Vespasien, obligé de rester plusieurs mois à Alexandrie, reçut, dans cette ville les hommages  des princes de l’Orient. Tacite et Suétone rapportent qu’un aveugle et un boiteux vinrent lui dire que le dieu Sérapis leur était apparu, et les avait avertis qu’ils guériraient de leurs maux si l’empereur voulait toucher avec sa salive le visage de l’un, et le talon de l’autre. Le prince avait honte de paraître ajouter foi à cette fable ; mais pressé par ses amis, et, croyant sans doute que dans ce siècle il fallait joindre à la force de la politique celle de la superstition, il consentit à leur demande, les toucha et les guérit.
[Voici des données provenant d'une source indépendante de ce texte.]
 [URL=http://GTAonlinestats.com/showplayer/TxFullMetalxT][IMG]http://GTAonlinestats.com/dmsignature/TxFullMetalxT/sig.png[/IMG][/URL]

La puissance trouve toujours de nombreux témoins pour attester de pareils miracles.

Après avoir affermi ainsi son pouvoir en Égypte par la crédulité des peuples, Vespasien laissa dans l’Orient Titus, chargé de combattre les Juifs, et partit pour Rome.

Le sénat et le peuple vinrent au-devant de lui ; les parfums brûlant sur toutes les places, les rues ornées de guirlandes de fleurs, les hymnes chantés par les prêtres et répétés par la multitude, semblaient ne faire de toute la ville qu’un temple magnifique. Toutes les tribus signalèrent leur joie par des repas publics, et l’on n’entendait partout que des vœux formés pour la durée de son règne et pour la prospérité de sa famille.
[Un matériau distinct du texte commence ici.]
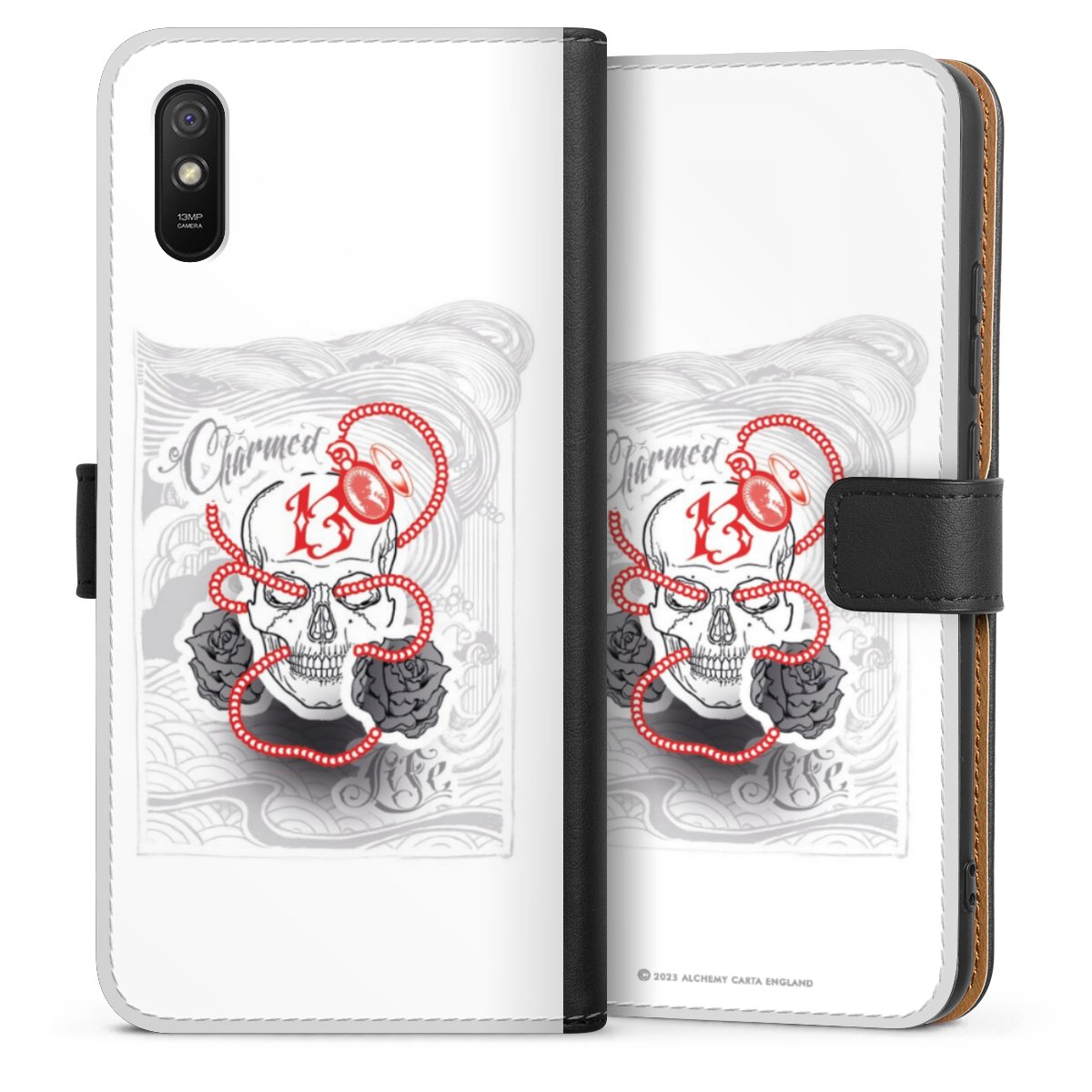 Det praktiska telefonfodralet har ett hårt skal i polykarbonat på insidan vilket ger din smartphone säkert skydd, medan vi använder en högkvalitativ, vegansk Skai®-skinnimitation för att bilda fliken och utsidan av fodralet. Du kan öppna locket åt sidan och fack för sedlar och bankkort ingår. Fodralet stängs med en magnetisk flik.

Vespasien était alors âgé de cinquante-neuf ans ; sa conduite justifia les espérances qu’on avait conçues. Après avoir donné aux fêtes et aux cérémonies le temps qu’exigeaient l’usage et la décence, il se livra entièrement aux soins du gouvernement.

L’empire entier, à l’exception des Juifs, était soumis et tranquille ; Titus, exécuta les ordres de son père ; attaqua les Hébreux campés sous les murs de Jérusalem, les força de rentrer dans la villes et en forma le siège. Il fut long et meurtrier. Ce n’était point une cité, c’était une nation qu’on assiégeait. La nature et le fanatisme défendaient la ville : trois montagnes, hérissées de fortifications, formaient trois enceintes séparées ; elles contenaient six cent mille furieux qui croyaient combattre pour Dieu contre les hommes.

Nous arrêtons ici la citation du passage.